The Weight data and calculate indices widget (Fig. 10.1) is the key module of the IMRT. It contains the model building functionality of the IRMT, and it is used to create, edit, and manage composite indicator(s) and integrated risk model development. It provides users with an intuitive way to develop composite models by building and editing the selected project definition through the use of a dynamic graphical interface that was developed explicitly to guide the construction of composite indicators in a manner that is simple, visual, and straight-forward. The latter is accomplished through a window that embeds a dynamic model builder that takes the form of a tree chart (see Fig. 10.1). This structure (or weighting and aggregation tree) defines a workflow that strings together sequences of steps to describe how variables are combined together to obtain the composite indices.
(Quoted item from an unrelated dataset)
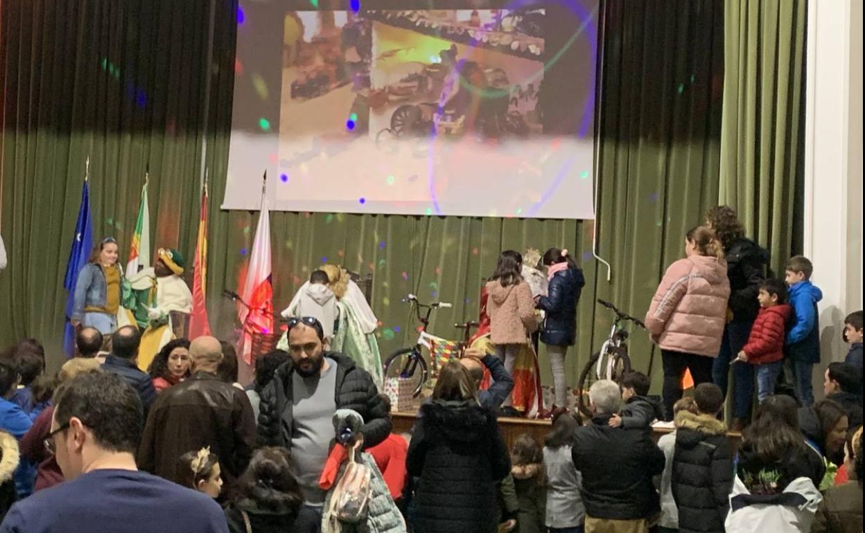 Pasadas las 18.00 horas se abrieron las cortinas del escenario del salón de actos y entre humo aparecieron Melchor, Gaspar y Baltasar ante la atenta mirada de los más pequeños, que ya desde primera hora se congregaban allí para expresarles sus deseos. La gran afluencia de público hizo que el acto se alargara una hora más de lo previsto, hasta casi las 21.00 horas.

Currently, the IRMT supports the development of two composite model types: a) deductive and, b) hierarchical (Fig. 10.2 [1]). Deductive models typically contain fewer than ten indicators that are normalized and aggregated to create an index. Hierarchical models typically employ ten to twenty indicators that are separated into groups (sub-indices) that share the same underlying dimension of a concept (in this case socio-economic parameters of earthquake risk such as population, economy, infrastructure, education, and governance). Individual indicators are aggregated into sub-indices (e.g., population, economy, etc.), and the sub-indices are aggregated to form a final composite index (e.g., social vulnerability or integrated risk index). The tree structure of the Weight data and calculate indices widget encourages the development of hierarchical models of integrated risk. The starting point is a root node that corresponds to the development of a hierarchical model that can be: 1) an Integrated Risk Index (IRI) which is a function of the aggregation of a Social Vulnerability Index (SVI) and a Risk Index (RI); or 2) a Social Vulnerability Index (SVI) that is the result of the aggregation of various sub-indicators defined by the user (e.g., Economy, Education, and Environment as shown within Fig. 10.1). The tree can be modified dynamically by adding or removing nodes, inverting variables, setting a weight to each variable or node and choosing the operators to be used to combine variables together.
Note
The dialog can be resized, and it is possible to pan and zoom within the tree area using your mouse. By pressing Save as PDF, and specifying the destination file, the project representation can be printed as PDF.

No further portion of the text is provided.